The following is guest post from Amy Rudersdorf, Director, Digital Information Management Program at the State Library of North Carolina.
We’ve got high hopes . . .
Just what makes that little ole ant
Think he’ll move that rubber tree plant?
Anyone knows an ant can’t
Move a rubber tree plant
But he’s got high hopes, he’s got high hopes
He’s got high apple pie in the sky hopes…
–Lyrics for “High Hopes” were written by Sammy Cahn with music by Jimmy Van Heu
An automated ingest process for born-digital publications of and by North Carolina state government has seemed completely outside the realm of possibility for the small staff at the State Library, employed to fulfill a legal mandate to preserve these important documents. It was, if you will, our rubber tree plant. It would have remained so, too, without the 2011 IMLS Sparks! Ignition grant that enabled us to dedicate staff, work with a contractor, and obtain resources to make our apple pie hopes a reality in the form of our Capture, Ingest, and Checksum tool.
So, what does CINCH do and why should your institution care? At a basic level, CINCH is a series of micro-services that are designed to locate targeted files on the internet and download them in a “preservation-ready state.” This includes maintaining the files’ integrity by running checksums throughout the process, virus checking, and enhancing the files’ context with automated metadata extraction.
Think of CINCH as an assembly line, with a series of deliberate actions being performed on a single file in progression (although, in reality, CINCH can process up to 4,500 of files per batch). At each step, CINCH attempts to perform a desired action. Whether successful or not, each action and its result is recorded for the user’s review. The final outcome is a zipped file that contains the original files targeted by the user, their associated metadata, and an audit trail document outlining every action taken upon the files.

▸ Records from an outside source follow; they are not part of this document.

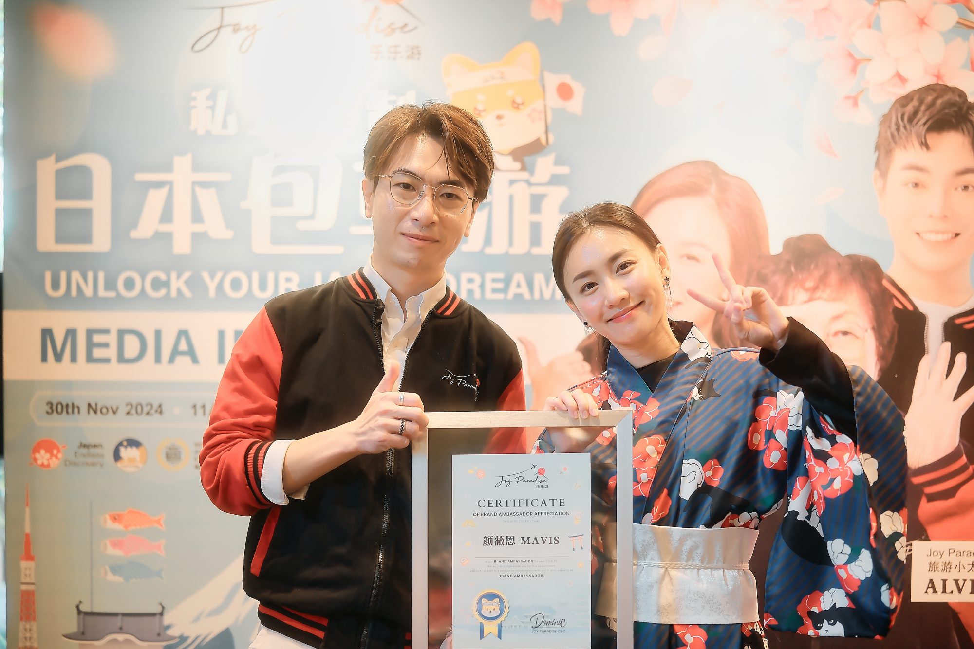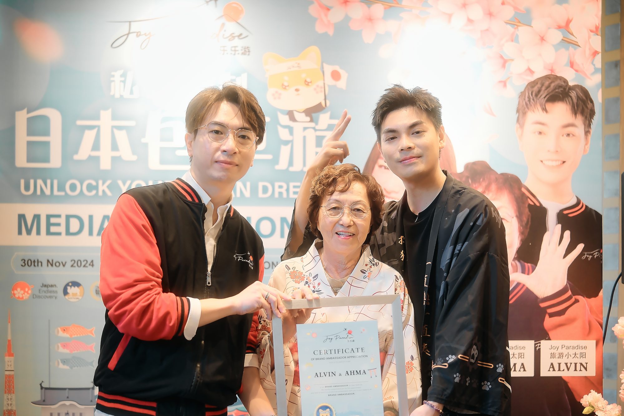 Joy Paradise乐乐游同时公布三人的代言称号,分别是颜薇恩是“旅游小天使”、Alvin是“旅游小太阳”而Ah Ma就是“旅游大太阳”,三人充满温暖与正能量,是旅行出游最佳的代言人选。该公司首席执行官Dominic Teh也在现场颁发认证给予三位代言人,表示他们将为品牌注入更多活力及创意。
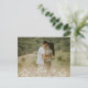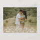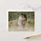 Hochzeit speichern Sie das Datum Foto weiße Skript Postkarte. Eine elegante moderne Kalligrafie, einfach Typografie-Design mit Foto-Platzierung. Dieses Design bietet Hochzeit speichern das Datum, mit Foto Platzierung, und eine einfache moderne Bürste Skript-Liebe Kalligraphie, Paar Foto-Kamera, moderne Einladungen, rustikale Landhochzeiten, einfache, einfache Verlobung, verlobtes Paar, Kalligraphie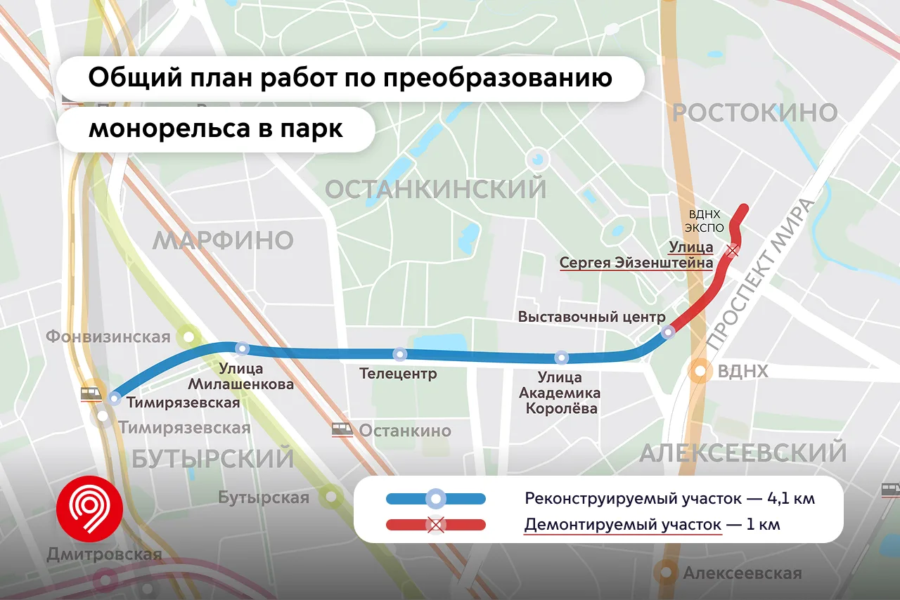 ✅ Пять из шести станций сохраним и трансформируем в двухэтажные павильоны. Также в парке можно будет увидеть два состава монорельса.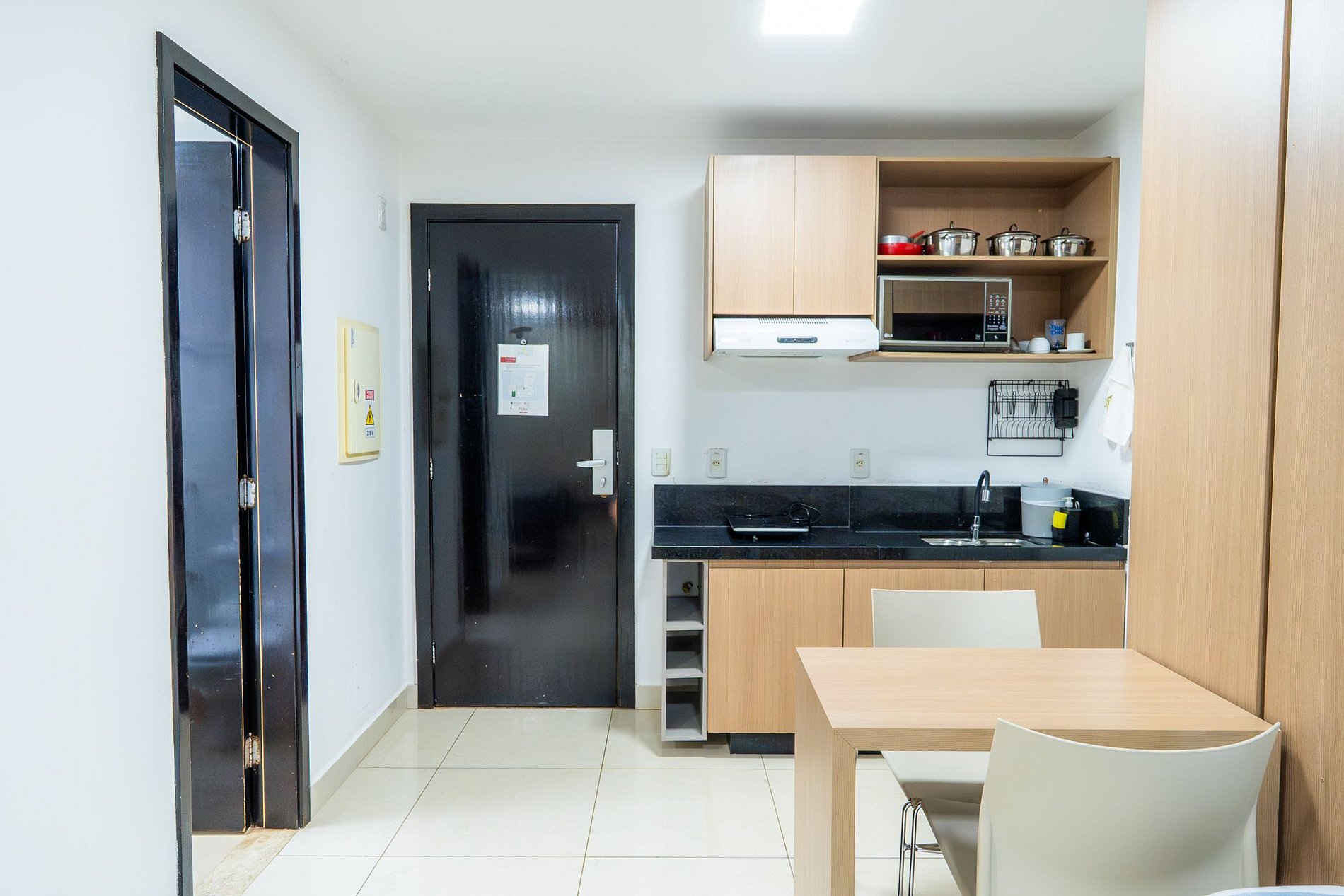 Apartamento de 36m² no térreo possui cama de casal queen, sofá cama casal e dois colchões, banheiro e cozinha equipada com geladeira, fogão duas bocas, sanduicheira, utensílios de cozinhas básicos como panelas, copos, pratos e talheres. Ferro de passar disponível mediante solicitação prévia. Tv com Globo Play. *Piscina climatizadas disponíveis para acesso dos hóspedes. Direito a uma vaga de garagem no estacionamento rotativo do condomínio.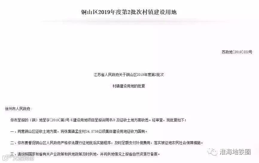 而在五一前,省政府已批复铜山区2019年度第2批次村镇建设用地,将张集镇孟庄村34.5756公顷集体建设用地征收为国有。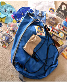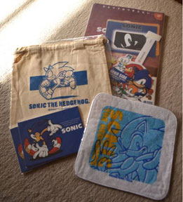 Here is quite a variety of Sonic items, some seen before, and others not. It seems to be centered around 10th Anniversary stuff. What can you spy here? The inflatable Chao arm hugger, inflatable Sonic face arm-strap, the 10th Anniversary tee, & a blue bag with elastic cord mesh on the exteriror. The bag has the 10th Logo tag, but no obvious Sonic branding/images. The 6 things in packages are the figureal SA1 "name base" keychains. There are 2 of the same metal pencil case with Sonic & Chao, a package of Puyos (non Sonic) strap farthest to the right is also non-Sonic. The two blue items in the lower left photo are post cards, there's also a canvas drawstring top bag, shelf wobbler (white STK flat piece) & that rounded edge piece of cloth that nobody still knows what it is.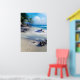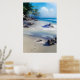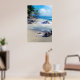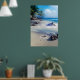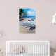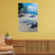 Hermoso ilustracion acuático de una playa tropical con palmeras, rocas, olas y cielos nublados azules. Una IA creó una fantasía digital de arte impresa.
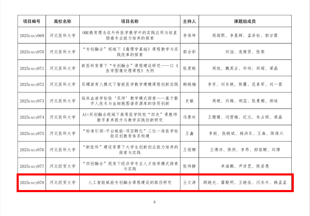 近日,河北省教育厅公布了2025年省级创新创业课程、教改项目立项建设名单,太阳集团网tyc9728收获颇丰!白云老师负责的课程成功入选省级创新创业课程,仝文涛老师牵头的项目获批省级教育教学改革研究与实践项目,彰显了学院在创新创业教育与教学改革领域的扎实功底与创新突破。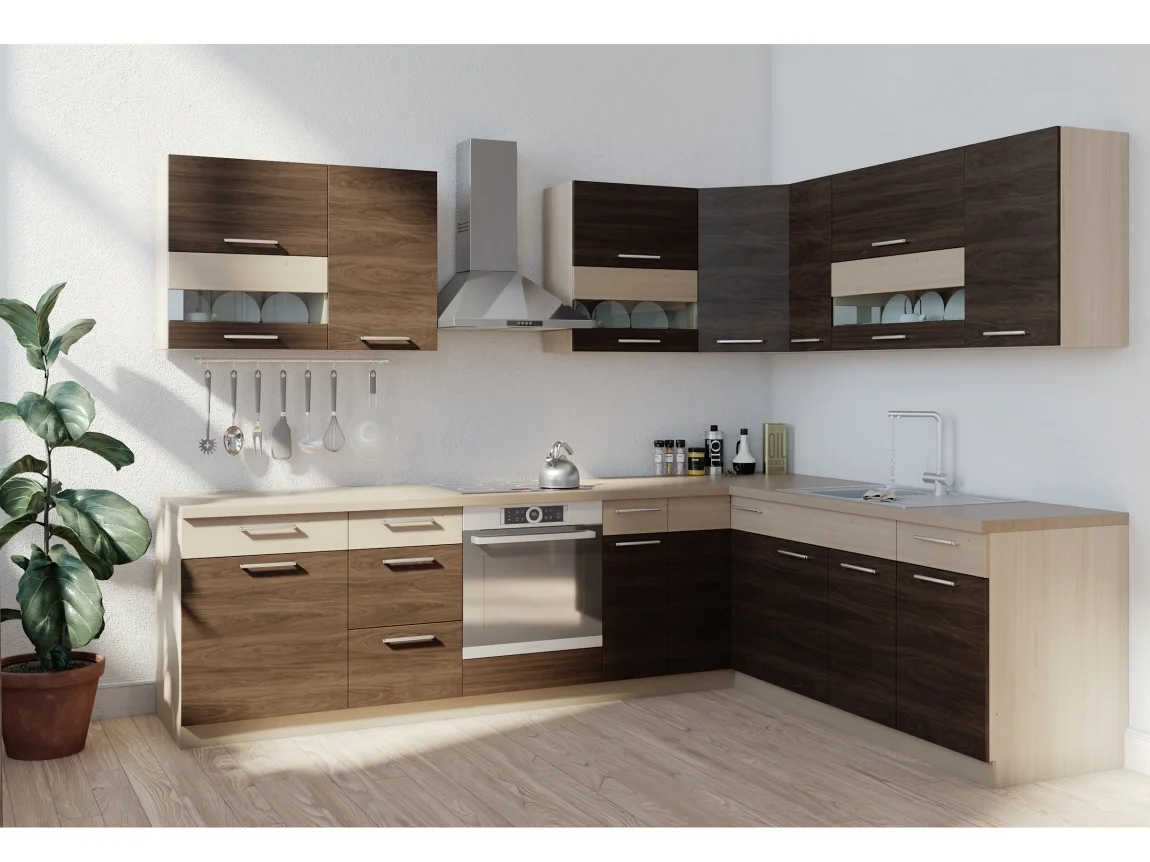 Rohová kuchyně Ruthin o rozměrech 285 × 210 cm představuje flexibilní řešení pro uspořádání kuchyně podle vašich potřeb a možnosti doplnění o další skříňky. Korpus v barvě rijeka světlá a dvířka lze zvolit tmavé či světlé rijeka, čímž vzniká atraktivní kontrast.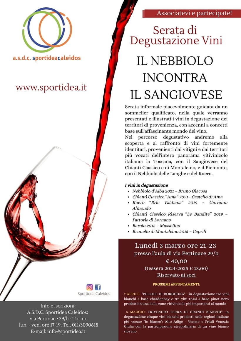 Serata informale piacevolmente guidata da un sommelier qualificato, nella quale verranno presentati e illustrati i vini in degustazione dei territori di provenienza, con accenni a concetti base sull'affascinante mondo del vino.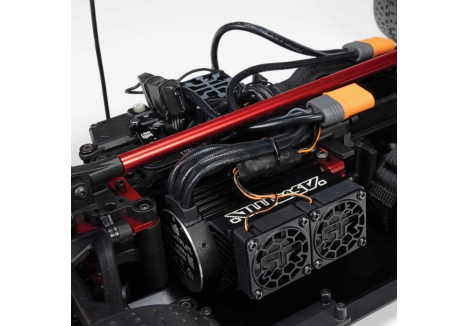 The electronics package doesn’t mess around either. We’re talking factory-installed SpektrumT power that’s ready to handle whatever voltage you throw at it. The IC5 connector-equipped FirmaT 160A Smart V2 ESC teams up with a Firma 1450Kv brushless motor complete with heatsink and dual cooling fans. The waterproof Spektrum S665 metal gear steering servo cranks out 277.75 oz-in of torque at 7.4V, and like the motor and ESC, the LIMITLESS 120 is completely waterproof because fast shouldn’t mean fragile.
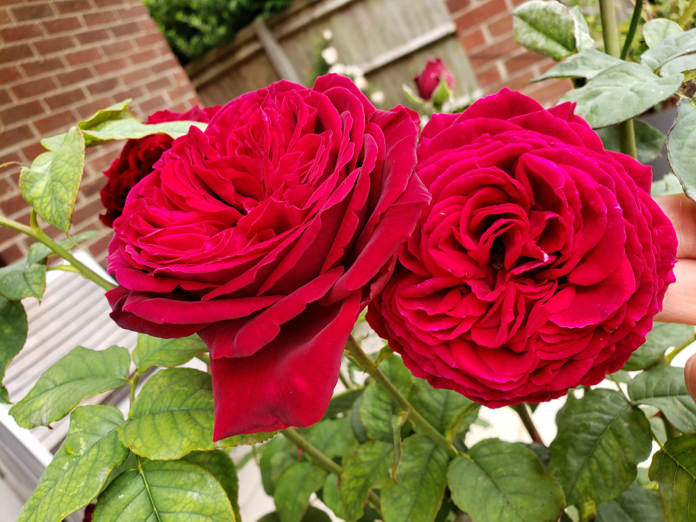 Mary Rose its the first rose I bought cost a tenner . Unfortunately its been evicted to the garage site which is opposite side of the beech hedge in the background. Eustace Vye bottom left . I got Gabriel Oak at the same time but I don't have anything to show for that one it been a poor rose , hopefully this year it will buck up. Best year ever last year for Paul Scarlet Generous Gardener possibly the best picture I've ever took of a rose, I won a photo comp on another garden forum with this beauty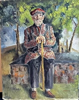 Folk Art painting of old gentleman sitting in the park, signed Sterling, 14in.x18in. |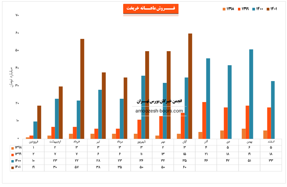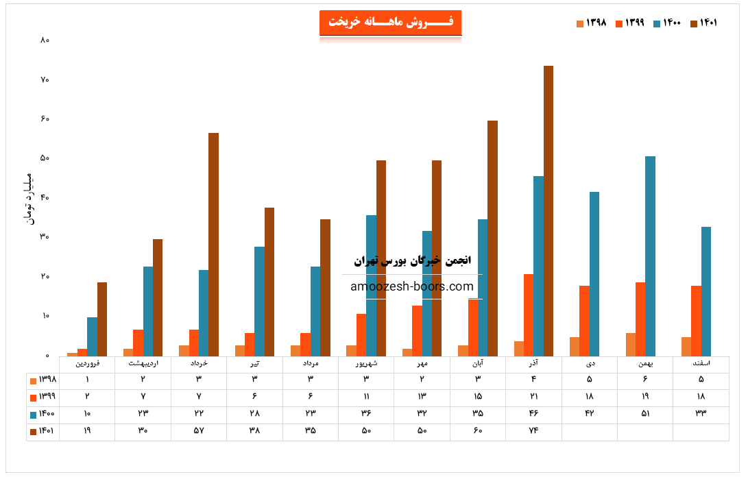 سهم خریخت در آذر ماه حدود 1550 تن از محصولات خود را به فروش رسانده که این میزان در مقایسه با حجم فروش ماه گذشته خود حدود 10% افزایش پیدا کرده است.

Users upload a manifest containing their list of targeted files, which can consist of any combination of up to 11 different file types (.csv, .doc, .docx, .gif, .pdf, .png, .ppt, .pptx, .txt, .xls, .xlsx). Micro-services are first performed on the remote files: hashing, file duplication check, file type verification, assessing filenames for uniqueness and evaluating file sizes. Files are then downloaded to the server where the next series of micro-processes are run: virus scan (and immediate deletion if something sinister is detected), verification that the last modified date has not changed on download, checksum hash, de-duping based on filename and checksum, and metadata extraction. The files, along with the metadata and any error reports, are then packaged for download. Finally, users receive an email alert that their files have been fully processed and they have up to 30 days to download their package for local ingest.
The beta version of the software is free for download and local install from github. A stable downloadable release, as well as a hosted version for any North Carolina institution’s use, will be available in August 2012.
Here at the State Library, we’re feeling pretty confident that CINCH has met that huge goal we set for ourselves last year – to push our rubber tree a step or two forward. And, we hope that with this tool, other small and mid-sized institutions will be able to share our sentiment that digital preservation isn’t quite so “apple pie in the sky.”
Thanks to IMLS, our funder, and to our project partners: State Archives of North Carolina, North Carolina Libraries for Virtual Education (NC LIVE), Elon University’s Belk Library, and the J. Murrey Atkins Library at the University of North Carolina at Charlotte.